Après le musée de Tessé au Mans, la galerie des Beaux-Arts, à Bordeaux, accueille « Sage comme une image? L’enfance dans l’oeil des artistes 1790-1850″ passionnante exposition consacrée à un thème rare.
Il ne fallait pas moins qu’un commissariat tripartite — Stéphanie Deschamps-Tan, conservatrice en chef au département des sculptures du musée du Louvre ; Côme Fabre, conservateur au département des peintures du musée du Louvre ; Sophie Barthélémy, directrice du musée des Beaux-Arts de Bordeaux — pour tenter de circonscrire une thématique souvent absente, dans une période marquée successivement par la Révolution française, le Consulat, le Premier Empire, la Seconde Restauration, la Monarchie de Juillet et la IIe République.

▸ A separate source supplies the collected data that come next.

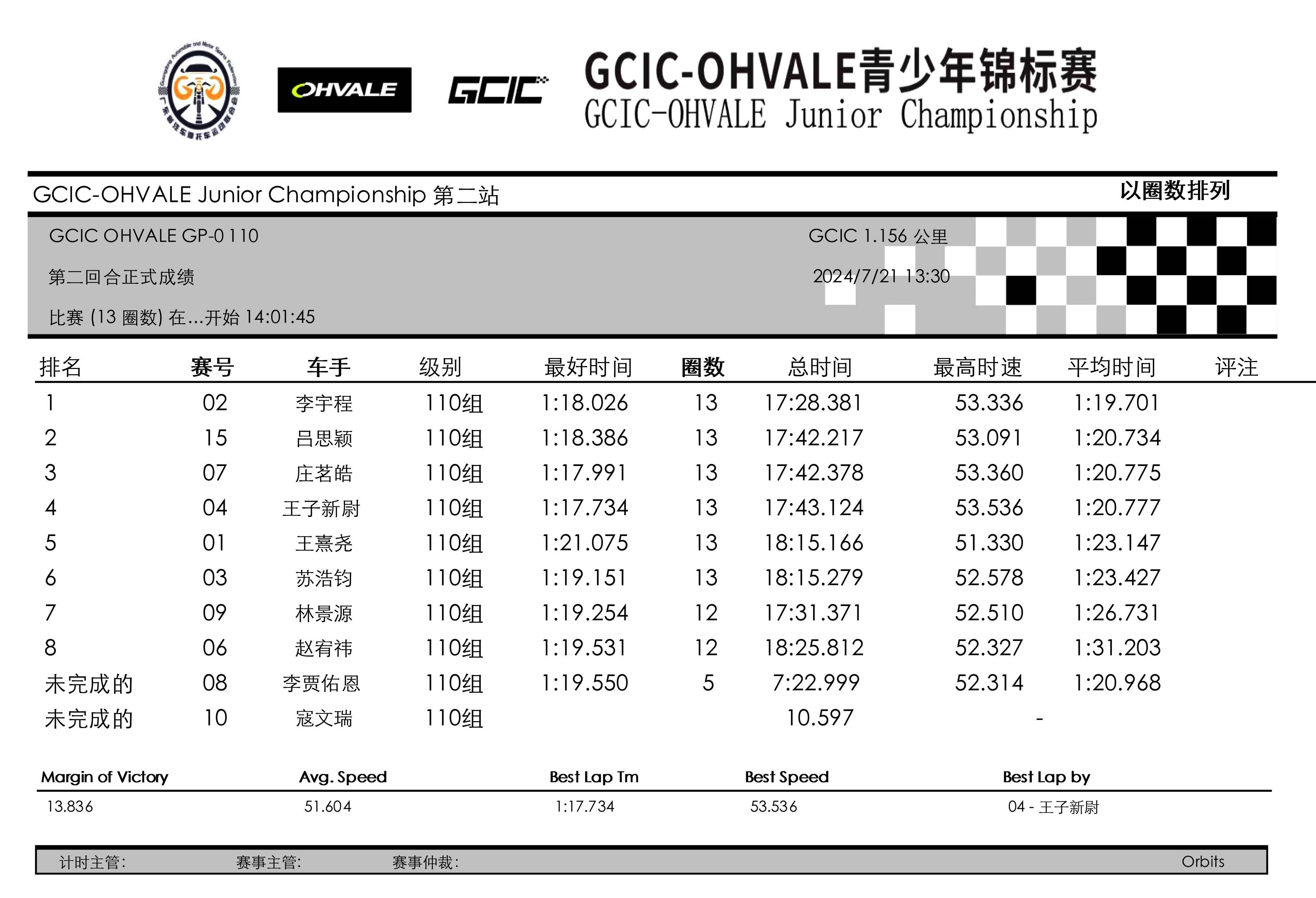 2、Ohvale GP-0 110 組(四檔):1 分 01.236 秒,陳司航;
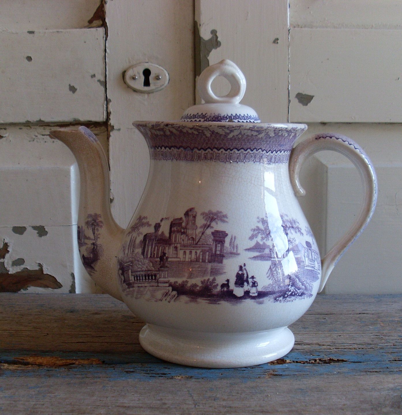 1800tals fajance te kande, skønt dekoreret med lilla kobbertryk.
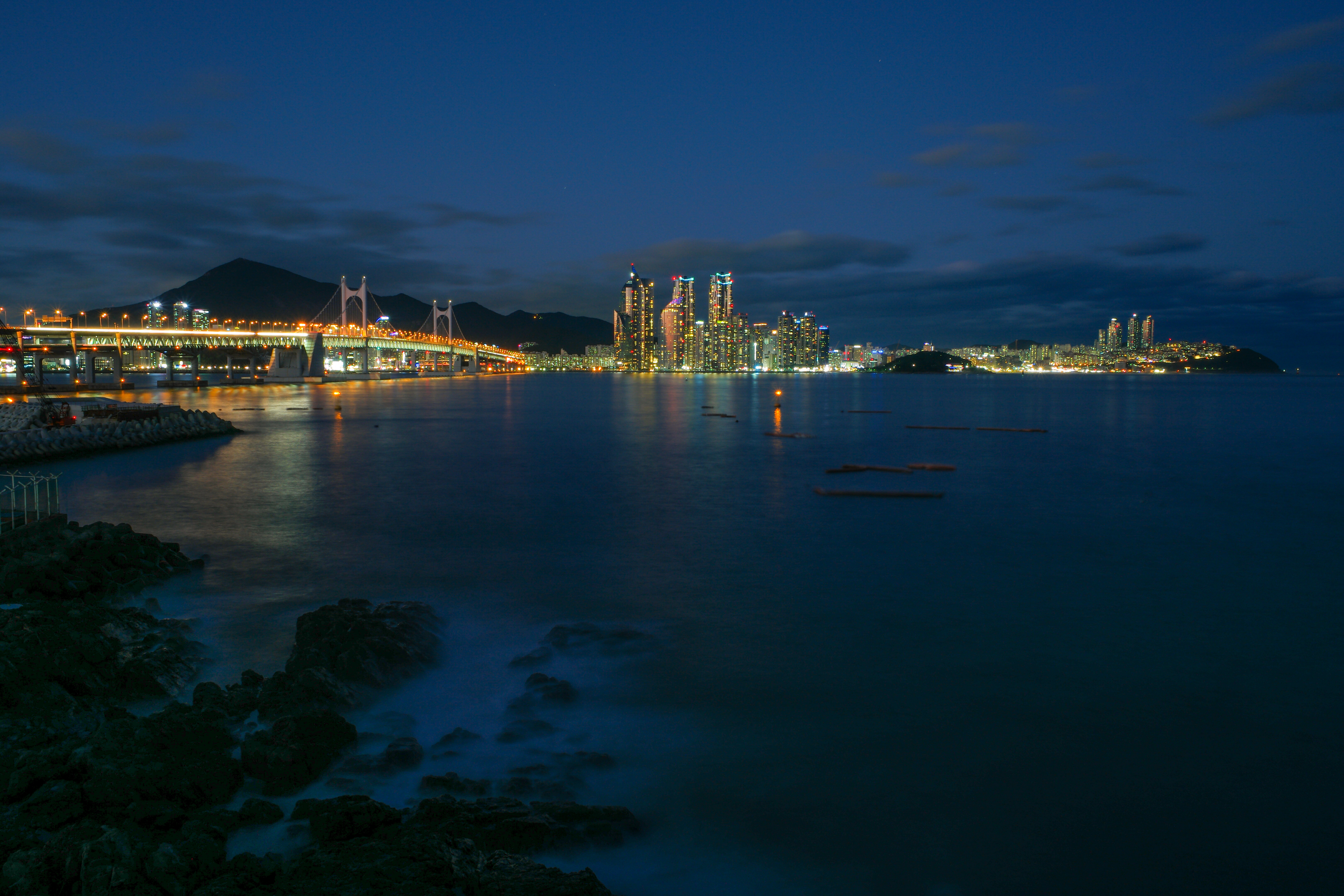 여긴 정확히는 이기대 끝자락 용호부두 또는 용호부두장치장 이라 불리는 곳이죠 전국에서도 태풍있는날 주간 장노출명소죠 ㅎ 태풍 끝난 저녁 하늘도 넘 깨끗하고 구름도 이뻐 드라마틱한 하늘을 기대하며 갔는데 먹구름 잔뜩이네요 ㅠ ㅎㅎ 항상 좋을수만 없으니 . . . nx20mm , 삼양12mm
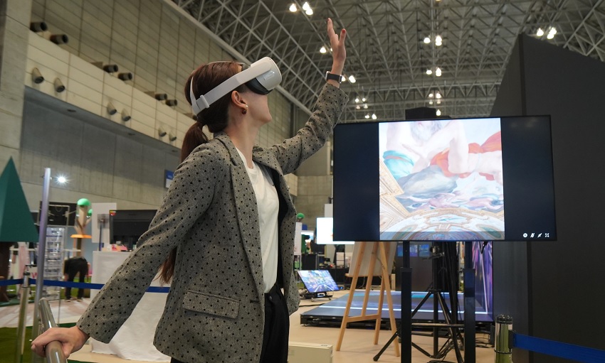 新たな鑑賞システムをはじめ、さまざまな分野に対応できるDNPのインタラクティブコンテンツ。今後拡大が予想されるメタバース市場への参入も視野に入れている。特に「みどころウォーク」は、事業の軸足をSNSからメタバースに移行したメタ社からも、「美術品の再現のクオリティが今まで見たことがないほど高い」と高評価を受けている。このシステムは、メタ社のヘッドマウンドディスプレイを採用しており、2022年11月開催のIoT展示会「CEATEC 2022」では、メタ社の展示スペースで披露されるなど(写真参照)、今後のメタバースへの活用に期待がかかる。

L’Enfant, citoyen sous la responsabilité de l’Etat
Peintures, sculptures et daguerréotypes (qui se diffusent dès 1839), ici réunis, cherchent à éclairer non seulement la perception de l’enfant, mais aussi son rôle dans la société française de la première moitié du XIXe siècle. Une époque d’effervescence politique, économique, et intellectuelle, durablement marquée par l’héritage de l’Émile ou De l’éducation, publié en 1762 par Jean-Jacques Rousseau. Considéré comme un être à part entière, l’Enfant, dans ses représentations, quitte alors le monde des chérubins et autres putti. Le voici citoyen, sous la responsabilité de l’État, qui, en retour, lui demande un engament pour la Nation, souvent au prix de sa vie.
Le parcours en 7 séquences — Au siècle des révolutions : idéal et embrigadement ; Le siècle des princes maudits ; L’enfant dans l’histoire : prodiges et génies ; En famille : enfants et parents dans l’intimité bourgeoise ; Orphelins, mendiants et petits Savoyards ; Mon premier portrait ; Le corps et la psyché des enfants face à l’artiste — convoque maîtres (Corot, Daumier, Delacroix, Géricault, Ingres) et peintres régionaux, majoritairement de l’Ouest de la France, dont quelques figures féminines méconnues (Jeanne-Élisabeth Chaudet, Sophie Feytaud-Tavel).
Empreinte de dignité
Victimes des conflits armés (Bara mourant (1838) par David d’Angers), héros tragiques (Louis XVII, dauphin embastillé, martyr du Temple ; le duc de Bordeaux, en exil dès l’âge de 9 ans ; Le Jeune Gaston, dit l’Ange de Foix (1838) par Claudius Jacquand), génies fantasmés (Giotti, Montaigne, Pic de la Mirandole), sujets de folklore (les Petits Savoyards) ou de portraits (Ernest Chassériau (1835) sous le pinceau de son frère Théodore Chassériau), membres intégrés aux tableaux familiaux bourgeois ou chéris en médaillons, les enfants semblent avoir acquis plus qu’une présence légitime, une réelle personnalité. Idéalisée certes, mais dorénavant empreinte de dignité.
Marc A. Bertin
Informations pratiques
« Sage comme une image ? L’enfance dans l’œil des artistes 1790-1850 »,
jusqu’au lundi 3 novembre,
Galerie des Beaux-Arts, Bordeaux (33).